Aging is an intricate process modulated by different molecular and cellular events, such as genome instability, epigenetic and transcriptional changes, molecular damage, cell death and senescence, inflammation, and metabolic dysfunction. Particularly, protein quality control (chaperone systems) tends to be negatively affected by aging, thus leading to cellular senescence in metabolic tissues and, as a consequence, to the increasing dissemination of inflammation throughout the body. The heat shock (HS) response and its associated expression of the 70 kDa family of heat shock proteins (HSP70),which are anti-inflammatory molecular chaperones, are found to be markedly decreased during muscle inactivity and aging, while evidence supports the loss of HSP70 as a key mechanism which may drive muscle atrophy, contractile dysfunction, and reduced regenerative capacity. In addition, abnormal stress response is linked with higher incidence of neurodegenerative diseases as well as low-grade inflammatory diseases that are associated with physical inactivity and obesity. Therefore, strategies to increase or, at least, to maintain the levels of HSP70, and its accompanying HS response to stress, are key to reduce biological cell dysfunctions that occur in aging.

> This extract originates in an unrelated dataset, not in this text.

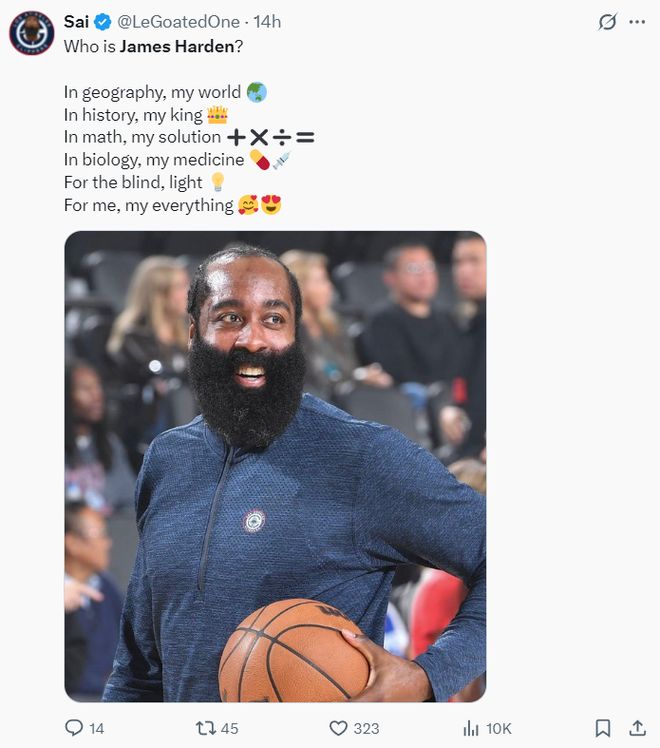 本賽季的哈登場(chǎng)均26分6.3籃板9助攻,命中率46%,三分命中率40%,罰球命中率91%,真實(shí)命中率64.65%,美媒:人們不是應(yīng)該討論他超長(zhǎng)的巔峰期嗎?
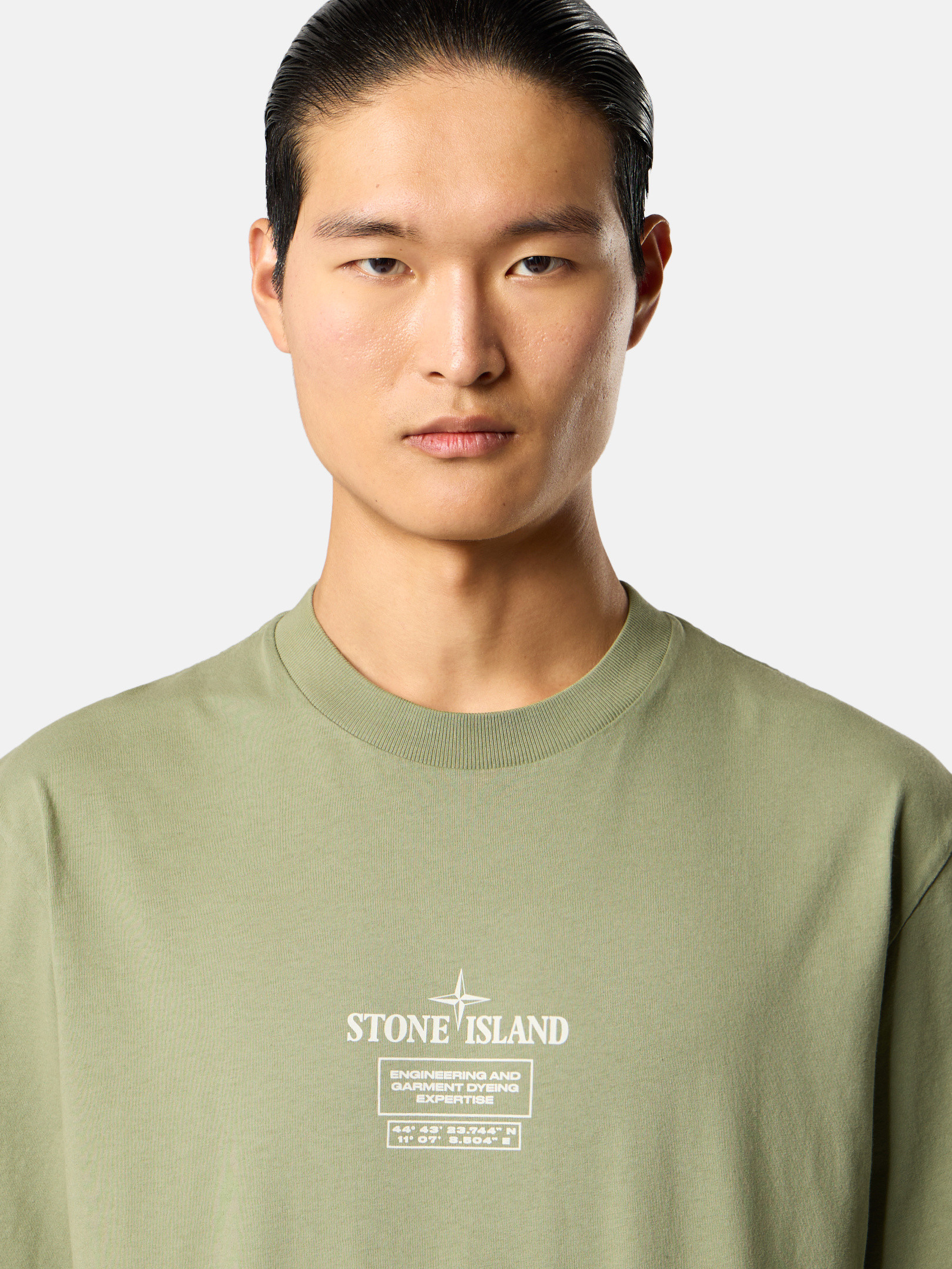 Short-sleeve T-shirt in combed organic cotton jersey, featuring the STOthtNE ISLthtAND logo on the chest and a two-tone Compass print on the back. Garment dyed.

In this sense, physical exercise is of note as it is the most powerful inducer of the HS response, comparable only to heat stress and fever-like conditions. On the other hand, the amino acidL-glutamine, whose production within the skeletal muscle and liberation into the bloodstream is dependent on muscle activity, is a potentializer of HSP70 expression and HS response, particularly via its entering in hexosamine biosynthetic pathway (HBP). Herein, we discuss the collaborative role of glutamine (and its donors/precursors) and physical exercise (mostly responsible for glutamine release into the circulation) as potential tools to increase HSP70 expression and the HS response in the elderly.